PyPI download issues from Rackspace Cloud
I recently spin up a Windows VM on Rackspace Cloud. I'm seeing a very weird problem: downloads from PyPI fail with checksum errors, nondeterministically. Sometimes it's a md5 hash mismatch error from pip[1]. Sometimes the error is a CRC error deep in the gzip module. It's not only pip -- I've seen this error from virtualenv[2], I've seen it from get-pip.py. [1] https://jenkins.gedmin.as/job/restview-on-windows/1/console https://jenkins.gedmin.as/job/restview-on-windows/2/console https://jenkins.gedmin.as/job/restview-on-windows/3/console https://jenkins.gedmin.as/job/check-manifest-on-windows/11/console [2] https://jenkins.gedmin.as/job/check-manifest-on-windows/7/console https://jenkins.gedmin.as/job/check-manifest-on-windows/6/console The error is sporadic and tends to go away (and come back) on retries (look at the restview-on-windows jobs: first pip install mock fails, then succeeds, then fails again on next retry). I haven't encountered any download troubles with Firefox. In fact that's how I got 'pip install tox' to work in the end -- pypi downloads of virtualenv/py libraries kept failing, so I downloaded the tarballs with Firefox and pip installed them from local files. I've ran curl https://pypi.python.org/packages/source/v/virtualenv/virtualenv-1.10.1.tar.g... | md5sum - like 10 times and got the same (correct) md5 hash each time. Meanwhile unset PIP_DOWNLOAD_CACHE rm -f virtualenv-1.10.1.tar.gz && pip install -d . virtualenv fails with a bad md5hash error 9 times out of 10. Curiously, it's the same bad hash every time: 20cf17baaf2126f99d6f652831f82d75. I used http://www.python.org/ftp/python/2.7.6/python-2.7.6.msi to install Python on this Windows 2012 server (64-bit OS, 32-bit Python). Any ideas? Marius Gedminas -- IBM motto: "We found five vowels hiding in a corner, and we used them _all_ for the 'eieio' instruction so that we wouldn't have to use them anywhere else" -- Linus Torvalds
Can you try with 1.5rc1? We switched to requests in that version and perhaps it side steps the issue? On Nov 23, 2013, at 5:05 AM, Marius Gedminas <marius@pov.lt> wrote:
I recently spin up a Windows VM on Rackspace Cloud. I'm seeing a very weird problem: downloads from PyPI fail with checksum errors, nondeterministically.
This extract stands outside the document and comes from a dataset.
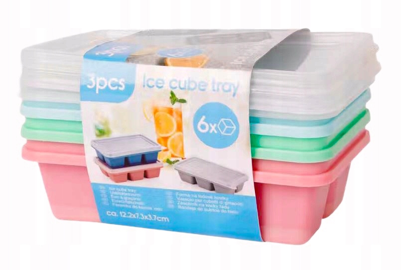 на 6 кубиків льоду зі зручною кришкою. У наборі 3 таких форми.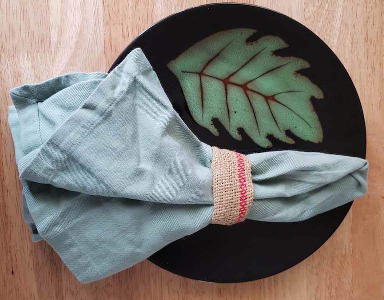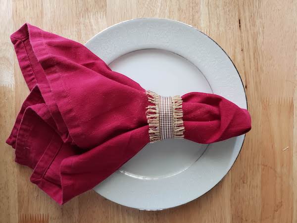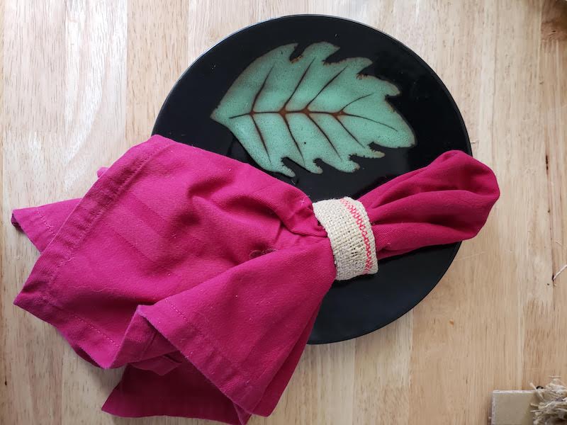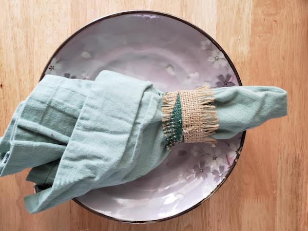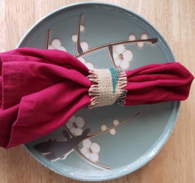 5.) Roll your burlap strip to the desired circumference for your napkin ring — 2 inches is a good diameter.

Sometimes it's a md5 hash mismatch error from pip[1]. Sometimes the error is a CRC error deep in the gzip module. It's not only pip -- I've seen this error from virtualenv[2], I've seen it from get-pip.py.
[1] https://jenkins.gedmin.as/job/restview-on-windows/1/console https://jenkins.gedmin.as/job/restview-on-windows/2/console https://jenkins.gedmin.as/job/restview-on-windows/3/console https://jenkins.gedmin.as/job/check-manifest-on-windows/11/console
[2] https://jenkins.gedmin.as/job/check-manifest-on-windows/7/console https://jenkins.gedmin.as/job/check-manifest-on-windows/6/console
The error is sporadic and tends to go away (and come back) on retries (look at the restview-on-windows jobs: first pip install mock fails, then succeeds, then fails again on next retry).
I haven't encountered any download troubles with Firefox. In fact that's how I got 'pip install tox' to work in the end -- pypi downloads of virtualenv/py libraries kept failing, so I downloaded the tarballs with Firefox and pip installed them from local files.
I've ran
curl https://pypi.python.org/packages/source/v/virtualenv/virtualenv-1.10.1.tar.g... | md5sum -
like 10 times and got the same (correct) md5 hash each time. Meanwhile
unset PIP_DOWNLOAD_CACHE rm -f virtualenv-1.10.1.tar.gz && pip install -d . virtualenv
fails with a bad md5hash error 9 times out of 10. Curiously, it's the same bad hash every time: 20cf17baaf2126f99d6f652831f82d75.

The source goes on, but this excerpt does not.